Underclass relationships tend to be volatile: both in terms of intimate partner violence but also impermanence. Some men are deadbeat dads, often to multiple women. Some women have multiple kids to different fathers, who are rarely involved with the children financially or emotionally.

Most members of the underclass will not exit poverty without addressing the specific, personal factors that contribute to it. Their children are also far less likely to rise out of poverty.

As the Productivity Commission noted, the risks of enduring poverty “are particularly elevated for children living in jobless households, which is a group that has stood out among the multiple measures of inequality and disadvantage.”

These dysfunctional families are vastly overrepresented in the welfare and child protection systems, and this is where Goward — who was Minister responsible for the department now called Family and Community Services — actually has some direct experience.

Those on the other side of the debate are welcome to disagree with Goward, but it would be wrong to dismiss her as someone who has no idea what she is talking about.

She shepherded through some tough reforms promoting adoption for children at risk of neglect and abuse. For a long time, the child-protection system has focused on family reunion as the ultimate goal, when in fact the ultimate goal should always have been the protection of children.

There are tens of thousands of vulnerable kids in the out-of-home care system, many of them from underclass families. Many of those kids will bounce around from care placement to care placement, until they ‘graduate’ to homelessness or the criminal justice system.

As my former colleague Dr Jeremy Sammut argued for years, for some children, especially some underclass children experiencing significant abuse and neglect, the best thing to do is to permanently remove them from their dangerous family situation and adopt them into a loving family.

Goward pushed for this approach despite the significant opposition from activists of the same type who are criticising her now. NSW has begun to see success in this strategy, with more than 150 adoptions last year, yet the other states continue to effectively do nothing about adoption from care.

This extends beyond adoption, however. As another former colleague, Trisha Jha, argued, far more research and focus should be put on interventions that actually significantly mitigate the impact of childhood disadvantage.

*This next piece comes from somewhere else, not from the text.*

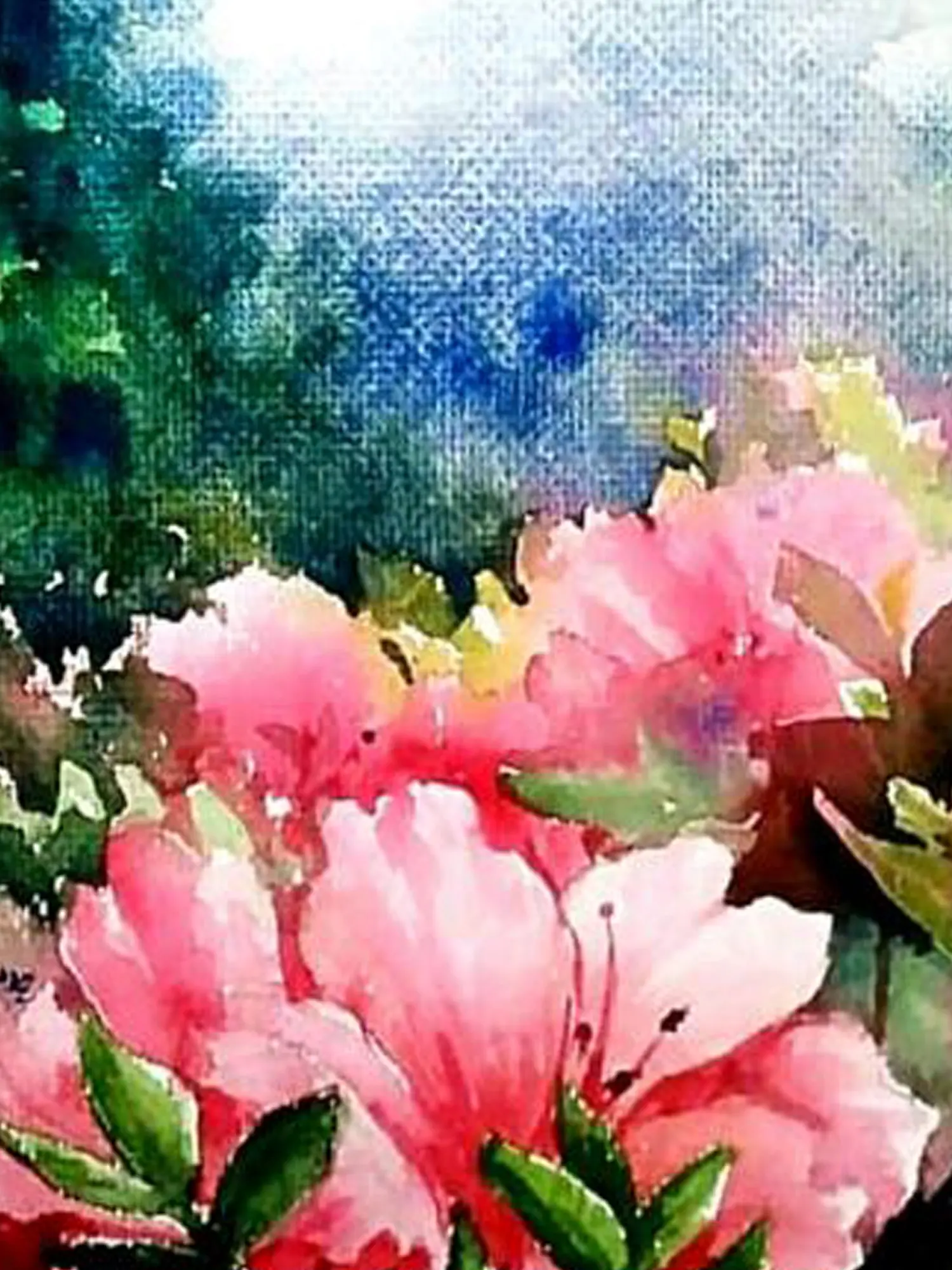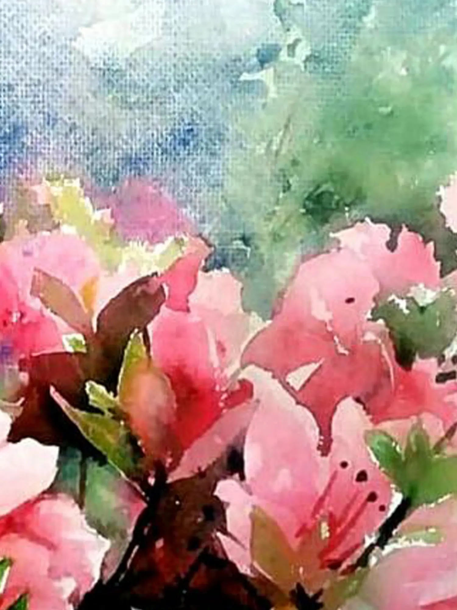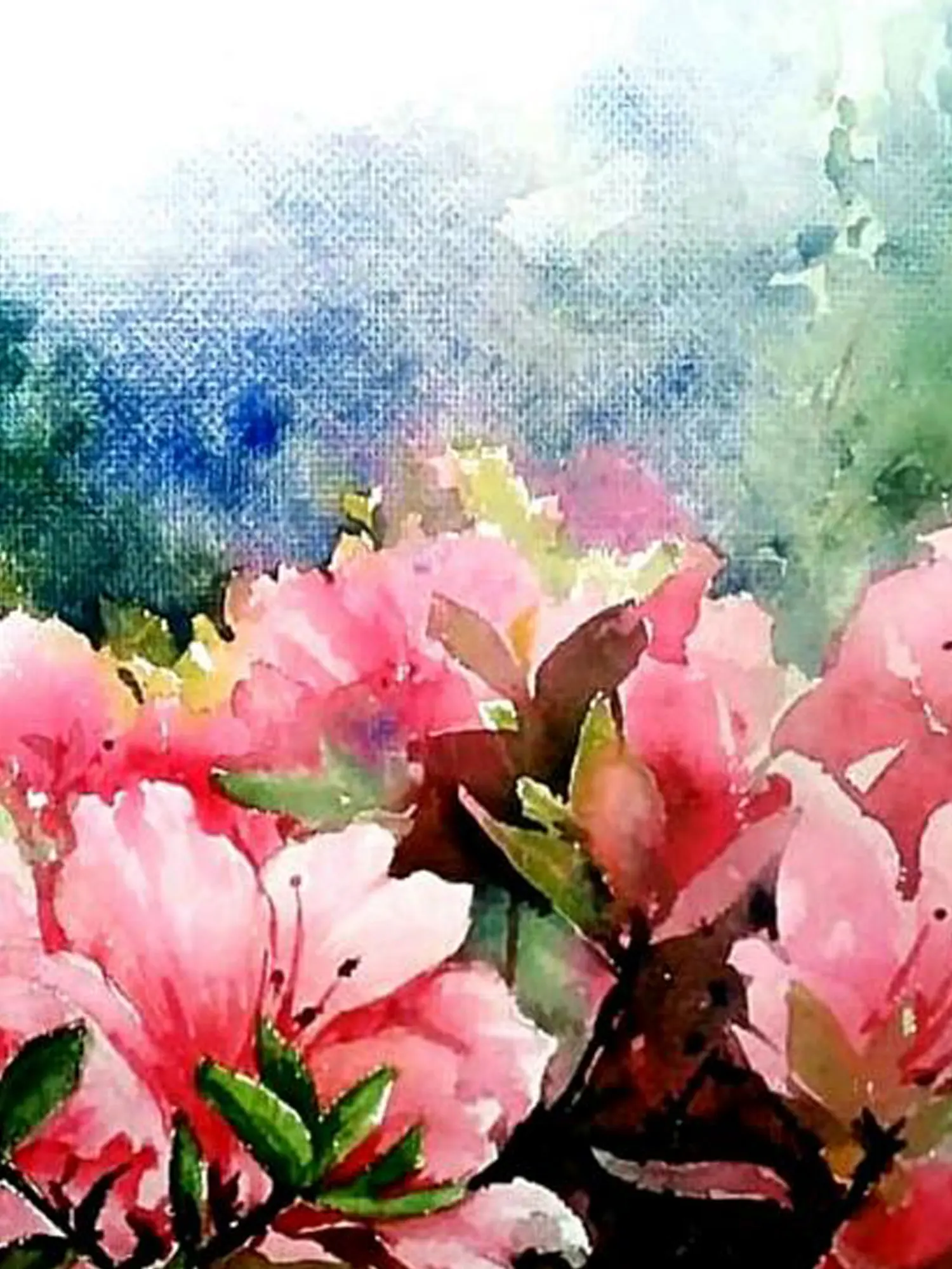 Cherry blossoms, with their ephemeral beauty, symbolize nature's transient grace. In Dipa Talukder's watercolor on paper, this fleeting allure is masterfully captured. The delicate pink blossoms gracefully blanket the lower portion, evoking the charm of springtime, while the ethereal light blue above adds a serene backdrop.
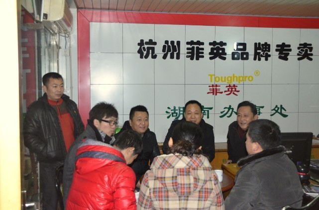 伴随着菲英春风之旅长沙站的结束,下一站本应去武汉,因为武汉这几天天气骤冷有雨雪,我们通过远程可视电话与武汉经销商做了新年问候及经营过程中的交流,武汉经销商也表达对章志华董事长及管理层领导关心的一种感谢,也提出一些建设性的建议得到相应解决,表示2013年会将菲英旗下品牌产品做的更好。

JD Vance, in his memoir Hillbilly Elegy, revealed both the despair of the underclass, and the potential for personalised intervention to be successful.

Removing people from the system should be the goal but there is disappointing resistance to evidence based strategies. Some prefer universal system-level changes, usually based on highly redistributive taxation. Others promote ‘solutions’ that basically boil down to spending ever more money chasing fashionable, progressive fads.

In part, it is this opposition that provoked the sheer uniformity and extent of the negative response to Goward’s article. Astute observers should be tipped off that something else is going on here.

Goward is challenging a central element of the anti-poverty activists’ platform. Liz Allen’s oped in response to Goward states it clearly: “disadvantage isn’t due to poor personal choices, but rather due to the structural mechanisms keeping people down.”

But this simply isn’t universally true. Many people are poor because of bad luck — and some are poor because of failures in the system — but for others, bad personal decisions and circumstances have contributed to, or even caused, their poverty. They will not exit poverty without targeted intervention.

The point is not to condemn or stigmatise either the poor or the underclass. However, refusing to acknowledge, or misdiagnosing, the factors that contribute to poverty makes addressing the issues of long-term unemployment, and entrenched poverty, much harder.

For some, it is not the system that has to change, it is their choices and attitudes.